Die erste Folge ist gleich die interessanteste, weil sie die Pioniere in den Blick nimmt, die der NDW bis circa 1980 den Boden bereiten. Nina Hagen ist der logische Einstiegspunkt: Wie die einheimische „Godmother of Punk“ emanzipatorische Ideen in deutsche Sprache und exaltiertes Auftreten kleidet, steht sinnbildlich dafür, wie eine ganze Generation raus will aus eng gesteckten Grenzen.

Aufbruchsgeist zwischen Punk und Pop

Aber auch die zahllosen Archiv-Schnipsel um Bands wie Ideal, Abwärts und Einstürzende Neubauten, um den Ratinger Hof in Düsseldorf und Alfred Hilsbergs Zickzack-Label in Hamburg deuten an, welcher Aufbruchsgeist zwischen Punk-Eigensinn, neuen Pop-Ideen, elektronischer Musik und Kunstanspruch herrscht. Kronzeugen wie Fehlfarben-Sänger Peter Hein und DAF-Schlagzeuger Robert Görl („Wir hatten so ein Selbstbewusstsein: Wir erobern die Welt!“) ordnen das Geschehen zusätzlich in neuen Interviews ein. Dass relevante Schlagworte wie „Post-Punk“ oder „New Wave“ ausbleiben, kann man hier noch verschmerzen.
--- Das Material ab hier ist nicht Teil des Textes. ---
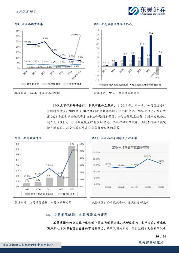 公司实际控制人为石药集团董事长蔡东晨,股权结构稳定。高管团队经验丰富,多来自石药集团及旗下子公司。石药集团作为中国龙头制药企业,在研发(8大创新研发平台、5大研发中心、2000+研发人员、300+在研项目)、生产(10+生产基地,覆盖纳米制剂、生物药、化药、mRNA疫苗)和商业化(10000+专业营销团队,覆盖35000+医疗机构和350000+药店,产品出口110+国家)方面具备强大实力。新诺威将深度受益于集团的全面赋能,加速新药研发和商业化进程。在转型前,公司财务表现稳健,2018-2023年收入CAGR为15.07%,利润CAGR为27.54%。2023年实现收入25.02亿元,归母净利润7.56亿元。公司费用控制能力良好,经营性现金流充裕,2018-2023年累计经营性现金净流入高达26.9亿元,账上货币资金充足,为创新转型奠定了坚实基础。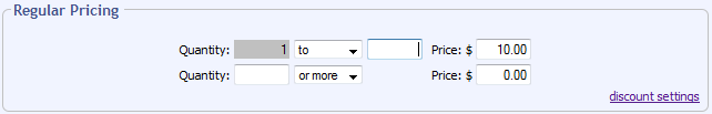 If you make a mistake or need to remove quantity based pricing, just change the first drop down field in the price section you are working with back to "or more" and the pricing rows below it will be removed. |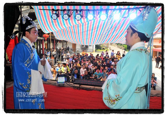 國家旅游地理 江西上饒5月1日訊(特約記者 王國紅攝影報道)5月1日,婺源縣賦春鎮(zhèn)源頭村景區(qū),村民和游客在景區(qū)村口圍觀觀看安徽黃梅戲《婆媳情》。“五一”小長假期間,江西省婺源縣賦春鎮(zhèn)源頭村景區(qū)邀請了安徽黃梅戲劇團在村門口為村民表演輪翻上演黃梅戲,讓老百姓足不出戶就可以享受到豐富的文化大餐,促進了農村精神文明建設,受到群眾的廣泛歡迎,讓大家歡快過上“五一”勞動節(jié)。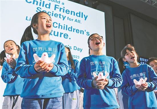 11月20日,世界儿童日主题庆祝活动在京举行,孩子们在活动中表演 新华社发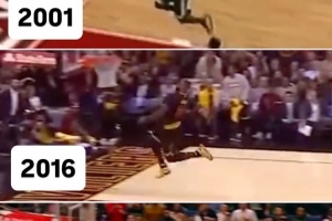 詹姆斯轉發了媒體發布的他分別在2001年、2016年及2026年完成招牌式搶斷后大風車扣籃對比畫面。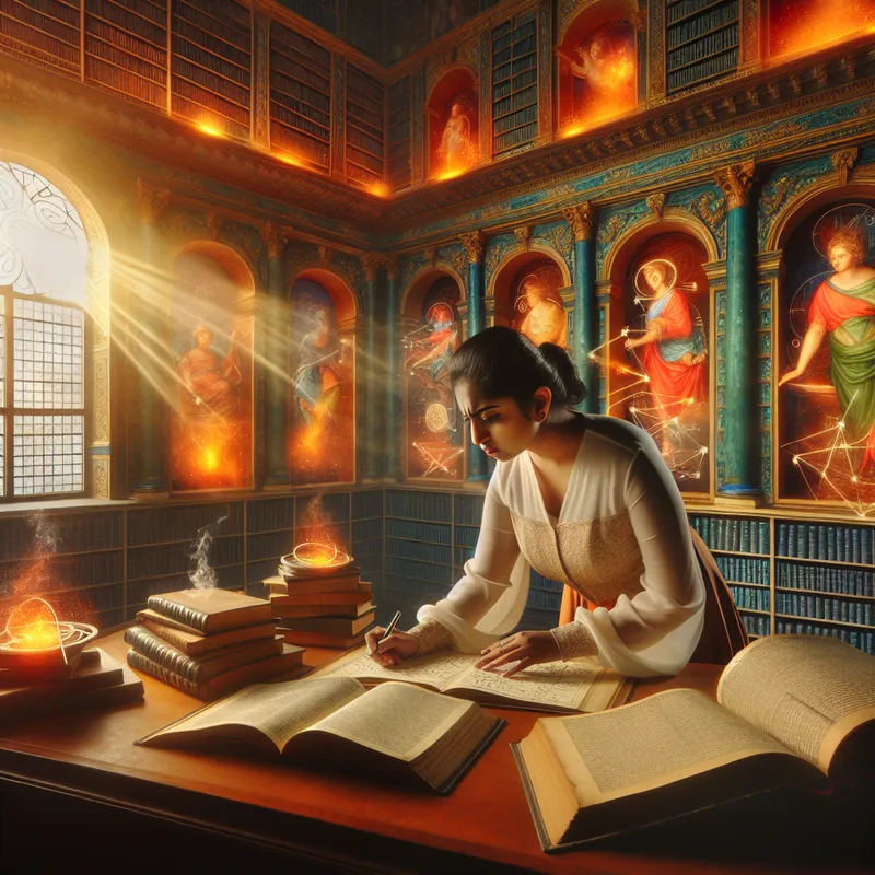 Een jonge vrouwelijke onderzoeker verzamelt gegevens in een goed verlichte studie, omringd door boeken en scrollen, terwijl warme gouden lichtstralen naar binnen vallen.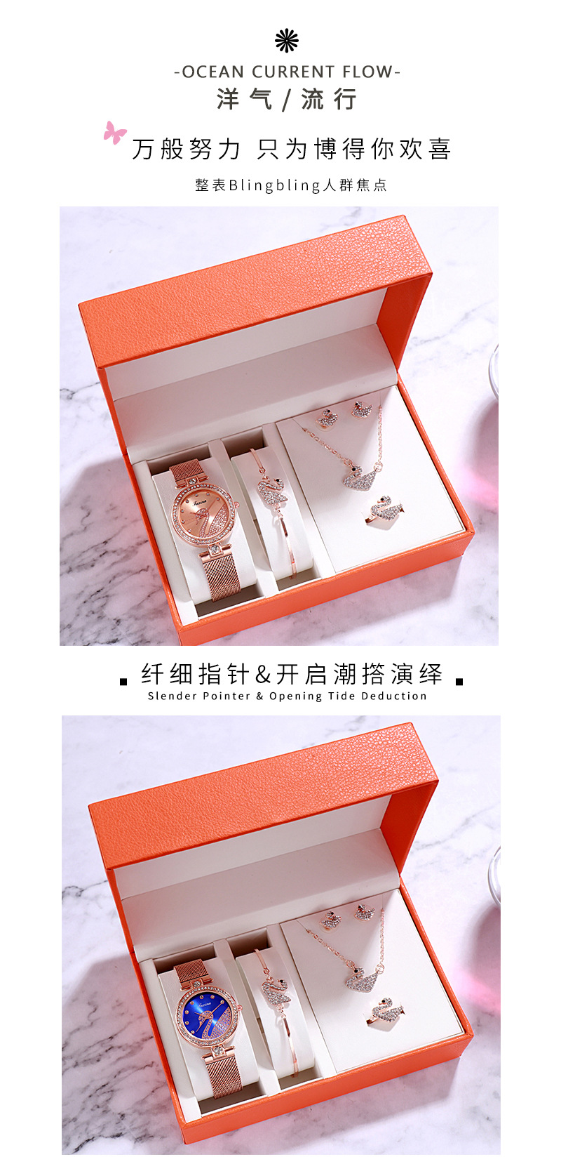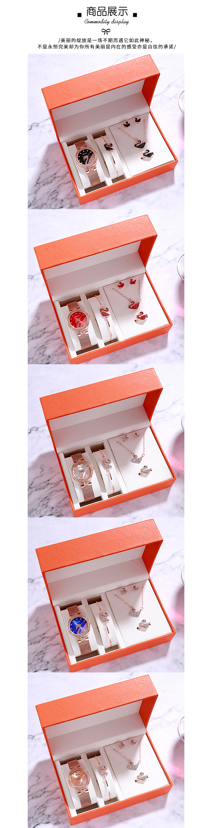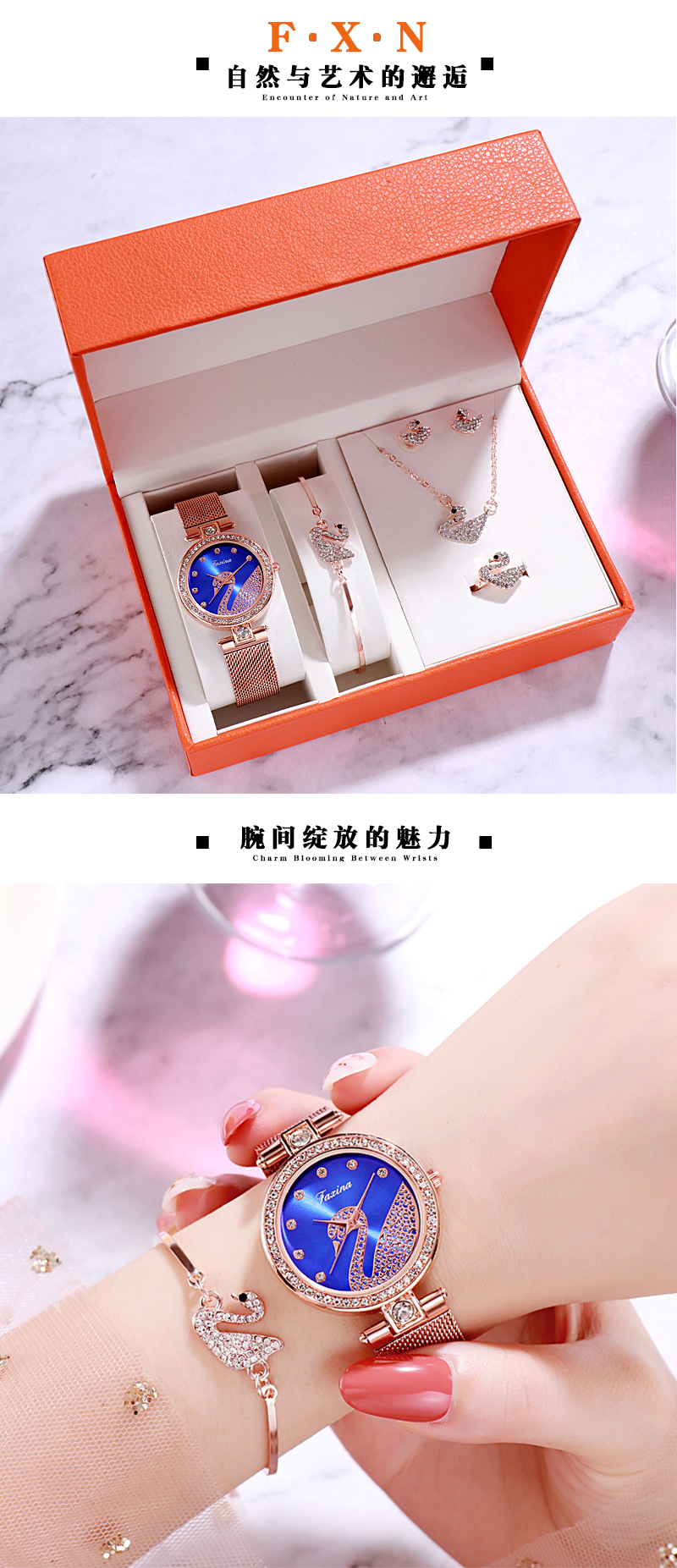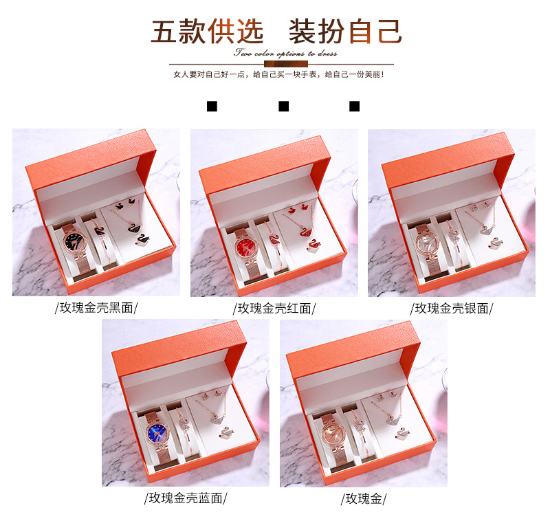 六鑫珠宝 小红书五件套天鹅手链石英手表

Ab den zweiten 45 Minuten jedoch verflacht die Dokumentation öfter zu einer Clip-Show, die die NDW auf gut präsentierbare Anekdoten und Bilder verengt. Die Hintergrundgeschichten zu Songs wie „Ich will Spaß“ von Markus oder „Skandal im Sperrbezirk“ von der Spider Murphy Gang unterhalten zwar ebenso gut wie die vielen alten TV-, Interview- und Konzert-Ausschnitte von Bekanntheiten wie Joachim Witt, Spliff, Extrabreit, Andreas Dorau, Trio oder Hubert Kah. Doch es regiert Breite statt Tiefe: Was das alles bedeutet, das reißt der Off-Kommentar allenfalls grob an. Nur selten fallen prägnante Einordnungen wie die von Musikmanager Thomas Stein, die NDW sei zügig der „verlängerte Arm des deutschen Schlagers“ geworden.
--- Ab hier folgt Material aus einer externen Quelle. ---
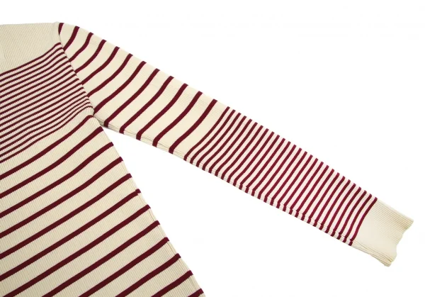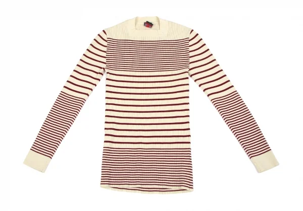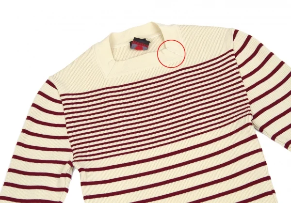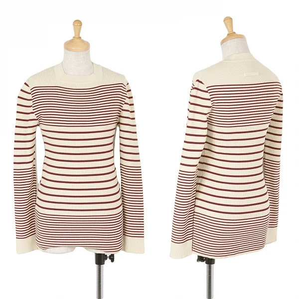 【SALE】ジャンポールゴルチエ クラシックJean Paul GAULTIER CLASSIQUE スクエアネックリブボーダーカットソー ベージュボルドーL位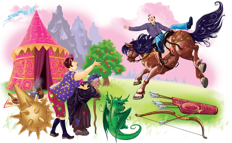 – Не хочешь к утюгам да к плите возвращаться? Держись, идем на посадку! – Баба-Яга обернулась к Авдохиной и, схватившись за метлу, служившую ступе рулем, увела ступу в крутой вираж. Приземлились они посреди поля у большого шатра. Рядом пощипывал траву оседланный богатырский конь. К седлу было приторочено длинное копье и лук с колчаном, полным стрел. Поодаль лежала богатырская палица. От собственной тяжести она вросла в землю, и Пирожков, дернув несколько раз за ее ручку, отошел в сторону, очень сконфуженный.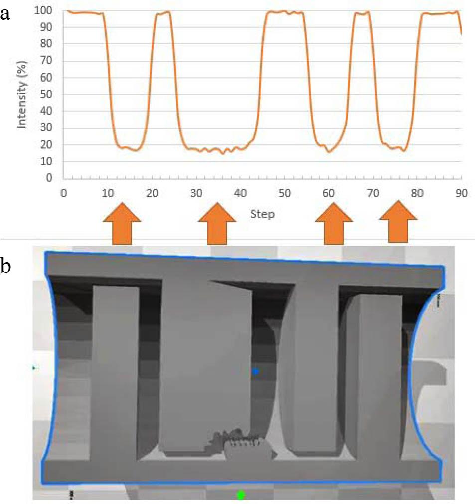 If the pattern of the high gamma ray intensities is changed, it would mean an anomaly caused by a high-density material such as a collapsed tray or liquid buildup. Figure 8a shows the results of scanning a column with a collapsed tray, which means that the space between Trays 2 and 3 is packed with the metal (Fig. 8b), increasing the area in which gamma ray is attenuated (Steps 30–43).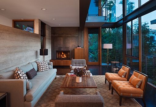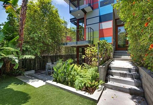 Фасад дома 2007 года постройки обновила художница Нэнси Монк. Бетонная конструкция от R&D Architects приобрела яркую динамичную окраску и яркие элементы облицовки. На площади в 1067 кв.м. эклектичный дизайн интерьера демонстрирует контраст белых стен и потолков с деревянным полом, индустриальные, модернистские и ретро-мотивы. Калифорнийский дом окружен буйной растительностью, которой тоже уделено место в проекте.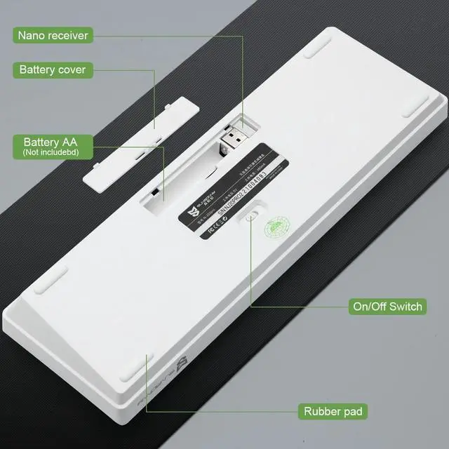 : This bluetooth mechanical keyboard is durable ABS keycaps with comfortable to touch, wear resistant characters will not fall off. This pc keyboard with concave key cap design, is comfortable and durable. Behind the led keyboard, comes with a power switch for power saving, also with battery storage and receiver storage, not lost.

„Neue Deutsche Welle“ blickt auch auf die Szene der DDR

Gut gelungen ist dagegen, wie die Macher ab Teil zwei ihr NDW-Porträt auf die DDR ausweiten, wo die Szene von der Stasi verfolgt wird. Dass es den Staatswächtern damals mehr um Punk- als um NDW-Bands ging: geschenkt.

Der Titel der dritten Folge, „Der Overkill“, nimmt es dann vorweg: Schon 1983 wird die NDW von der Musikindustrie derart ausgeschlachtet, dass das Publikum übersättigt ist – vom subversiven Potenzial von einst bleibt nur „spaßbetontes Lebensgefühl für konsumfreudige Jugendliche“. Entsprechend widmet sich der Film hier verstärkt der ungekrönten NDW-Königin und -Überlebenden Nena, die bis heute offenbar kaum jemand satt hat.
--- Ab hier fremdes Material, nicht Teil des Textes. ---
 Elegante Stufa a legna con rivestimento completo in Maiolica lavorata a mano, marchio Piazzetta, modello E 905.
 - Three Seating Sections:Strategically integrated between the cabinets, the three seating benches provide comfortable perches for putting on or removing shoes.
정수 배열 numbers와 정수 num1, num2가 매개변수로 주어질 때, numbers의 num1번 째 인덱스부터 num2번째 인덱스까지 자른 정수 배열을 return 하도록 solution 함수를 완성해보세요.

Gute Momente, aber etwas unkritisch

Als vielstimmige Zusammenfassung mit hohen Schauwerten hat das alles seine Momente. Der Dreiteiler tappt aber immer wieder etwas zu bereitwillig in die Nostalgie-Falle, „völlig losgelöst“ von kritischer Auseinandersetzung. Und gibt sich nach hinten raus arg versöhnlich: Auch musikalische Eintagsfliegen dürfen sich nun wieder als vermeintliche Klassiker mit treuen Fans präsentieren.

Drei von fünf Sternen.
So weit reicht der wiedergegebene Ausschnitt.